- Born: Donald Stanley Morrell Pelmear 6 July 1924 Middlesbrough, North Yorkshire, England
- Died: 11 January 2025 (aged 100) Hampstead, London, England
- Occupation: Actor
- Years active: 1953–2007 • 2016–2018

= Donald Pelmear =

British actor (1924–2025)

Donald Pelmear (6 July 1924 – 11 January 2025) was a British actor on stage and screen. Among his notable performances were Sir Thomas More in A Man for All Seasons in 1961, in Farnham, Salisbury and Southport, and Malvolio in the 1964 production of Twelfth Night which inaugurated the Nuffield Theatre, Southampton. On screen, he may be best known for portraying Professor Joseph Rubeish in the 1973–74 Doctor Who serial The Time Warrior.

== Life and career ==
Pelmear began acting in amateur theatre and then, from 1953, acted in repertory theatre. He did not attend drama school, but learned from watching and listening to other actors. He appeared with theatre companies across England, including the Bristol Old Vic Theatre Company, the Oxford Playhouse Company, and the New Shakespeare Company, and was known for his versatility and flexibility as an actor.

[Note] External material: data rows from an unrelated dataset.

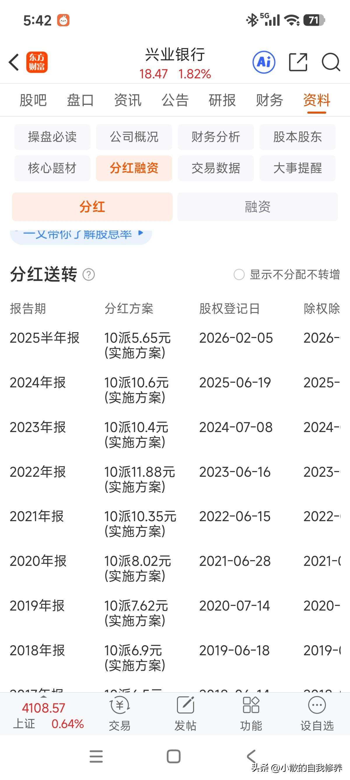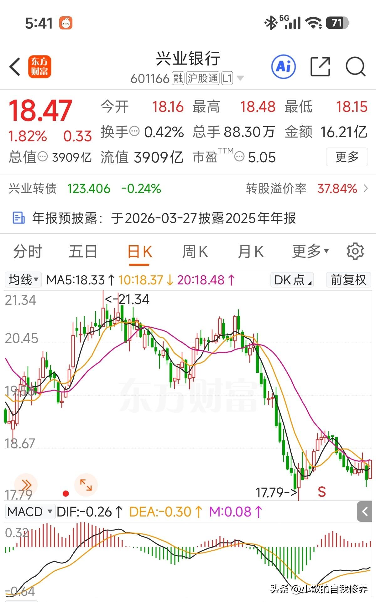 太熟悉的节奏了,持股期间年每股分红8毛不到见到过这价格,每股分红1.18元时候也见过这价格!去年一路上冲时以为兴业18时代一去不复返了!终究还是回来了! 奇怪的虽然不少短线单过早冲进去套着,但到这价位没有任何失落感觉,相反因为太熟悉了,淡定得很!另外日线MACD有个底背离,看下能否发起一波反弹!
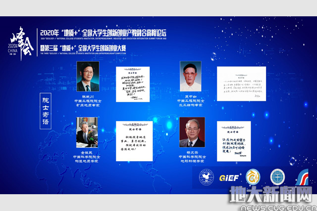 地大新闻网(通讯员陈昭颖 姚琳 刘睿 记者毛国樨 张玉贤 张睿)西子湖畔“创”力奔涌,钱塘江岸“新”潮澎湃。为持续推动高校科教优势与自然资源应用领域的精准结合,促进教育链、人才链与产业链、创新链的有机衔接,助推自然资源行业实现高质量发展,11月26日-27日,2020年“地质+”全国大学生创新创业产教融合高峰论坛暨第三届“地质+”大学生创新创业大赛全国总决赛在浙江地质科技创新创业园举行。
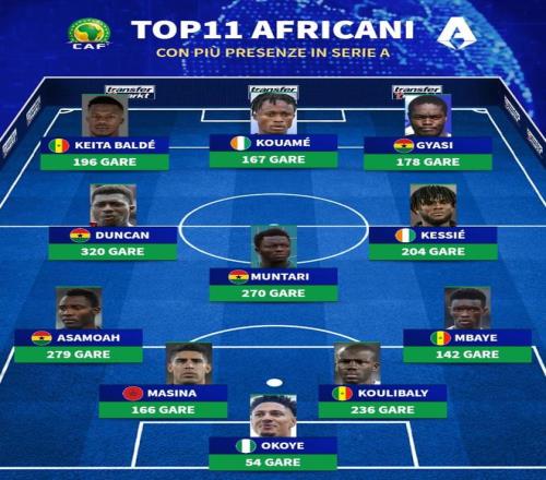 | 北京时间12月13日,德转列出了意甲联赛历史出场次数最多的非洲球员11人阵容,库利巴利、凯西、蒙塔里、阿萨莫阿以及凯塔-巴尔德在列。

Pelmear enjoyed playing comedy, and critics applauded his comic roles in plays such as The White Sheep of the Family, Separate Rooms and Kafka's Dick, musical comedies such as The Fantasticks and Salad Days. He played various roles in pantomimes, including Aladdin in The Adventures of Aladdin and his Wonderful Lamp and Mole in Toad of Toad Hall.

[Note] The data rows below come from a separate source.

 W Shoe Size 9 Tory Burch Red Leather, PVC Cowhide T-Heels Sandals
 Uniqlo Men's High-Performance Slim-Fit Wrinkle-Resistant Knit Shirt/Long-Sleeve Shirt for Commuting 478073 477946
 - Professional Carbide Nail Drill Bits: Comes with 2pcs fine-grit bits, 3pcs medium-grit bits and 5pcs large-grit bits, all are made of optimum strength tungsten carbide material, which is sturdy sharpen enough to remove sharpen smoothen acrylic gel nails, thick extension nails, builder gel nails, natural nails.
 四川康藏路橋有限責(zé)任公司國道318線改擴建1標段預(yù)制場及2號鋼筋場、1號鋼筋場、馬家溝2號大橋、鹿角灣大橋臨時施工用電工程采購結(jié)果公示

In the West End, Pelmear played Doc in the 1984/85 revival of West Side Story at Her Majesty's Theatre, and Monsieur Damiens in the 1990/91 production of Anouilh's The Rehearsal at the Almeida Theatre and Garrick Theatre.

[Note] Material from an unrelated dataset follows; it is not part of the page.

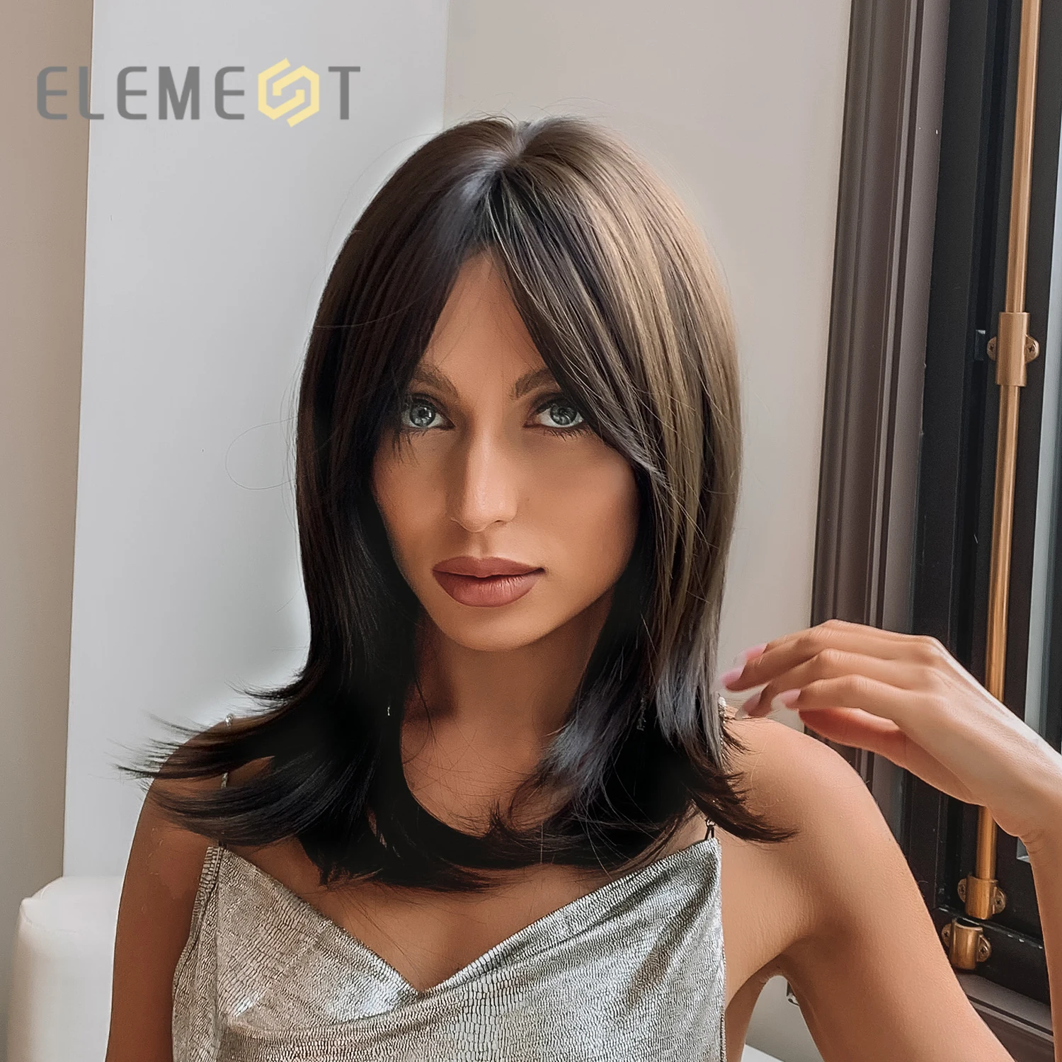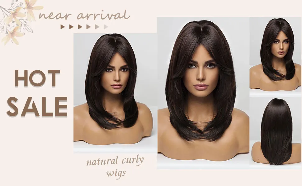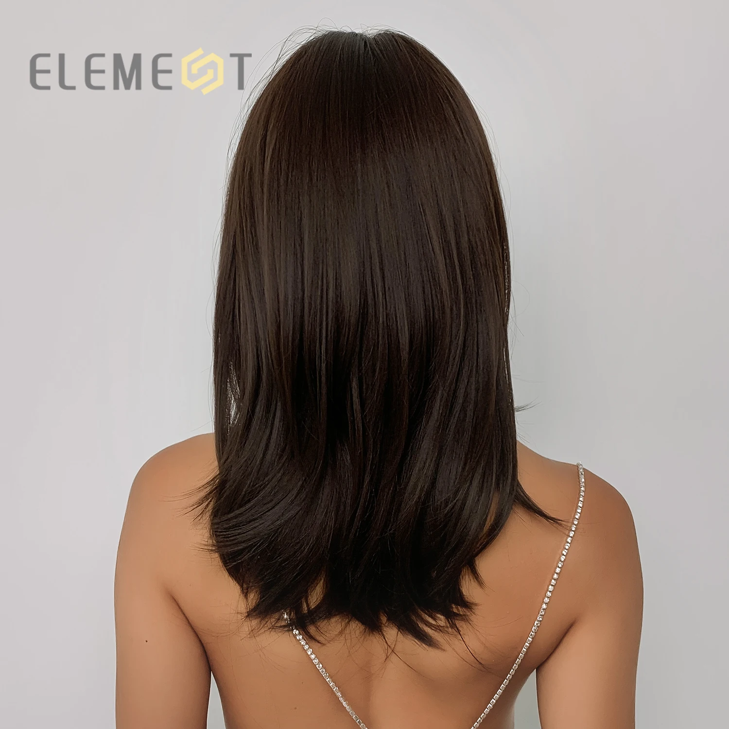 Парики из синтетического волокна средние темно-коричневые прямые парики для женщин с челкой волнистые длинные волосы боб натуральные повседневные термостойкие

He also played many serious roles, including Aslaksen in Ibsen's An Enemy of the People and Lawrence of Arabia in Terence Rattigan's play Ross, a review of which stated "Donald Pelmear is an actor of subtlety and power, who draws a consistent portrait and resists every temptation to overdraw it". His portrayal of Sir Thomas More in A Man for All Seasons was described as "a very sensitive portrayal" and a "warming, human performance of a beautifully realized character", in which "[e]very mood of this great man is faithfully depicted - his gentleness, lowliness, gravity, wit, affability, piety and heroism." Pelmear also appeared in the first play performed at the new Nuffield Theatre, Southampton, playing Malvolio in the Salisbury Arts Theatre Company's production of Twelfth Night; a critic wrote that "Donald Pelmear is an excellent Malvolio who finally leaves his audience torn between pity and aversion."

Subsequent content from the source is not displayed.